Затем Москва. Вернее, Москва‑Кабул. Двадцать с лишним раз я видел с воздуха величественную панораму гор и лежащий между ними невзрачный, серый город. Благоуханный весенний запах предгорья, первозданная азиатская тишина, откуда‑то доносится простой и милый звук флейты. И вдруг — взрывы, разноцветные трассы снарядов над головой, оглушительные удары тяжелой артиллерии, открывающей ответный огонь. Нас, людей из Москвы, большое и малое начальство, берегут. Машины бронированные, следом вооруженная автоматами охрана. Реактивному снаряду все это безразлично…

«Иль чума меня подцепит, иль мороз окостенит, иль мне в бок ракету влепит бородатый муджахид?» — подсказывает современный вариант Пушкин.

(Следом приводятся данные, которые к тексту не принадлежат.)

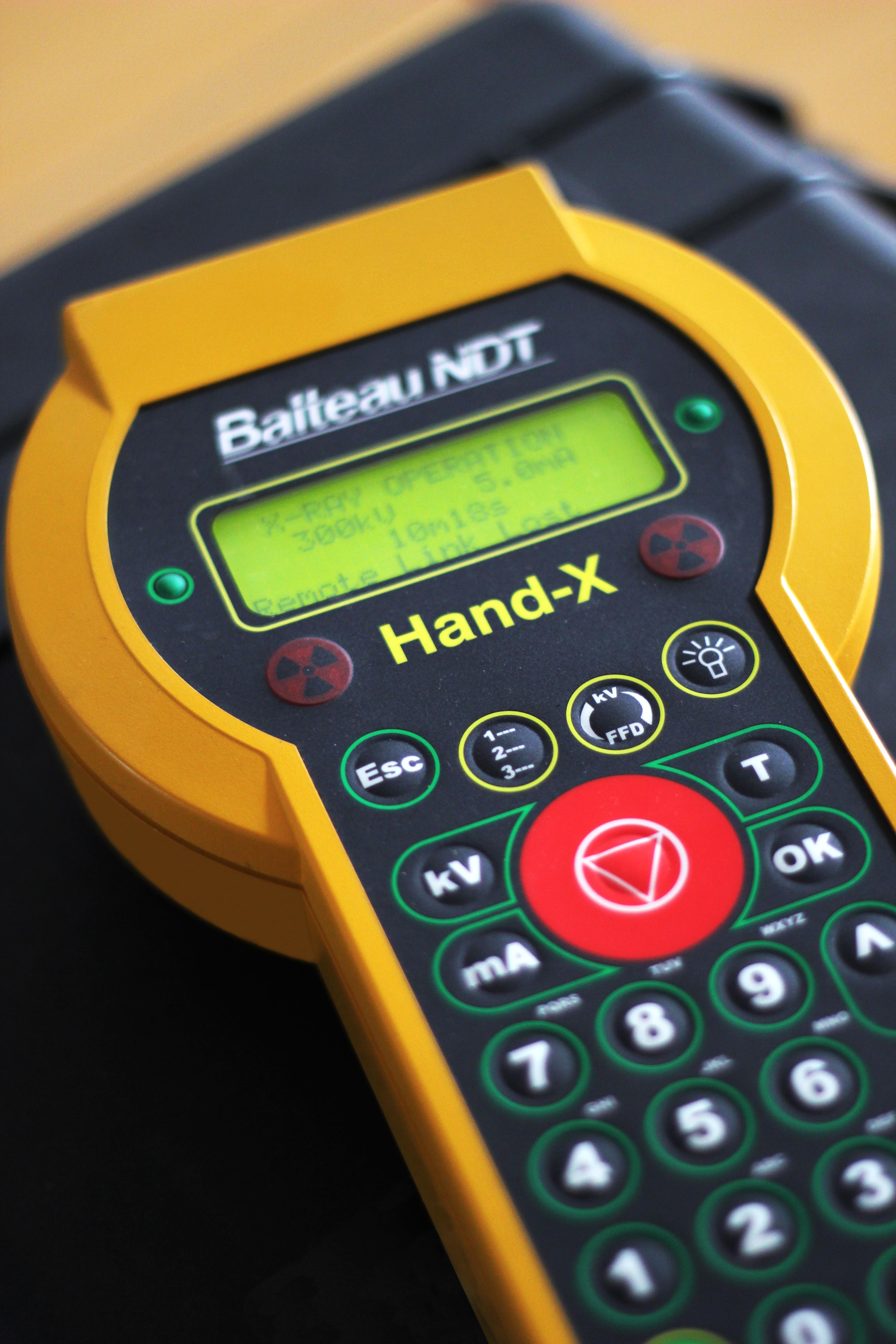 Having the control at your fingertips at all time including exposure is also of great advantage in terms of security as you can interrupt exposure at any time if your surveyed area is not cleared anymore. The built in Dosimeter completes the safety-oriented features of the unit by providing the operator a reliable and convenient monitoring of exposure at the very place where he or she stands. The Hand-X® Power connected to the generator has specifically been designed to cope with harsh environment and bad power supplies.

Бесконечные встречи, беседы, совещания. Задушевные разговоры с Кармалем, затем с Наджибуллой, их сподвижниками, единомышленниками и соперниками. Войска уходят, но дружественная России власть должна выжить.

Наш самолет готовится к взлету, на летное поле падают один за другим душманские эрэсы — реактивные снаряды. За аэродромом горит склад боеприпасов. Черное облако дыма прорезают яркие узкие полоски огня. Фейерверк смерти…

Наджибулла скрывается в миссии ООН. Кармаль находится в маленьком городке Хайратон на границе с Узбекистаном. Министр госбезопасности — скромный, мужественный, честный Якуби — покончил жизнь самоубийством.

«Каждый миг из мира уходит чье‑то дыхание. И когда оглянешься, многих уже нет…» — печальное персидское двустишие

Вот таково самое краткое содержание, скорее даже оглавление маленькой красной книжечки в сафьяновой обложке, именуемой «Удостоверение пенсионера», с подзаголовком «За выслугу 38 лет». У этой книжки есть предисловие, начало, конец и послесловие. Она завершена, и никто не напишет продолжения.

За чертой, за круглой печатью несуществующего Комитета государственной безопасности несуществующего СССР начинается новое существование персонажа красной книжки. С точки зрения 38 лет выслуги оно кажется несколько фантастичным.

Сон, нарушенный дурацким грузовиком, хмурое утро очередного дня. За окном темно, шелом русского воина побелел с маковки. Ночью шел снег, и сейчас сверху сыплет то ли дождик, то ли снег. Неладно, смутно на душе… Не хочется отрывать голову от подушки. Причина неважного настроения и какого‑то общего легкого неблагополучия, слава Богу, ясна, хотя элемент загадочности остается.

Ясна постольку, поскольку утренние последствия вечернего приема алкоголя всем хорошо известны. Еще ни один человек не пожалел утром, что накануне мало выпил. Выпил нормально, ровно столько, чтобы стих окружающий шум, чтобы исчезло чувство тоски и неудовлетворенности, какого‑то несделанного дела, чтобы пропало желание бежать куда глаза глядят. Так и получилось.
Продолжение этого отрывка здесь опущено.